#### What is required:
All of the data should be output character for character, except the pictures.

START Input data

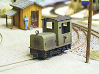Feldbahn-Diesellok Nachbildung einer Gmeinder-Diesellok, angetrieben durch das neue EGGER-BAHN® Universalfahrwerk, fein detaillierter Fahrwerksrahmen und Aufbauten in Messing Feingusstechnologie, geschlossene Führerhaustüren, grüne Farbgebung mit leichten Betriebsspuren und Verwitterungsfinish. Lokomotive mit grauer Fahrwerksschürze und Betriebsnummer 7. Länge über Puffer 43 mm. Gewicht 69 g.
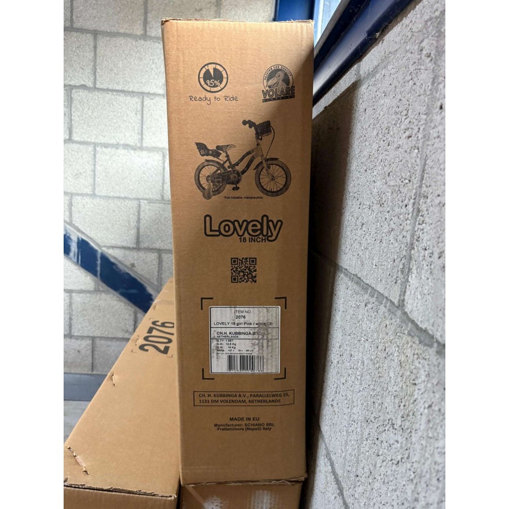 De Volare Lovely 18 inch kinderfiets is dé fiets waar ieder meisje van droomt. De vlinders en bloemen op het frame en zadel maken het design van de roze fiets helemaal af. Om vaart te kunnen minderen heeft de fiets zowel een handrem als een terugtraprem. Ter bescherming van de kleine vingertjes heeft de fiets een gesloten kettingkast. Met de fietsbel kun je laten weten dat je de hoek om komt. Om spulletjes mee te kunnen nemen heeft de fiets een prachtig kunststof mandje. Met de afneembare zijwieltjes kan ieder kind snel leren fietsen.
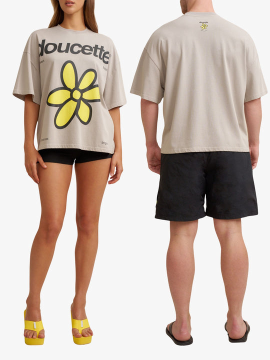 The Unisex Wildflower Compact Tee by Doucette is a heavyweight, relaxed-fit staple crafted from premium heavyweight cotton jersey. This tee features a minimal "doucette" logo on the center chest alongside a small yellow flower, complemented by a large-scale vibrant yellow floral and branding graphic across the front. The design is finished with a small branded logo print on the back neck.

END Input data

#### Answer to the problem:
Feldbahn-Diesellok Nachbildung einer Gmeinder-Diesellok, angetrieben durch das neue EGGER-BAHN® Universalfahrwerk, fein detaillierter Fahrwerksrahmen und Aufbauten in Messing Feingusstechnologie, geschlossene Führerhaustüren, grüne Farbgebung mit leichten Betriebsspuren und Verwitterungsfinish. Lokomotive mit grauer Fahrwerksschürze und Betriebsnummer 7. Länge über Puffer 43 mm. Gewicht 69 g.
 De Volare Lovely 18 inch kinderfiets is dé fiets waar ieder meisje van droomt. De vlinders en bloemen op het frame en zadel maken het design van de roze fiets helemaal af. Om vaart te kunnen minderen heeft de fiets zowel een handrem als een terugtraprem. Ter bescherming van de kleine vingertjes heeft de fiets een gesloten kettingkast. Met de fietsbel kun je laten weten dat je de hoek om komt. Om spulletjes mee te kunnen nemen heeft de fiets een prachtig kunststof mandje. Met de afneembare zijwieltjes kan ieder kind snel leren fietsen.
 The Unisex Wildflower Compact Tee by Doucette is a heavyweight, relaxed-fit staple crafted from premium heavyweight cotton jersey. This tee features a minimal "doucette" logo on the center chest alongside a small yellow flower, complemented by a large-scale vibrant yellow floral and branding graphic across the front. The design is finished with a small branded logo print on the back neck.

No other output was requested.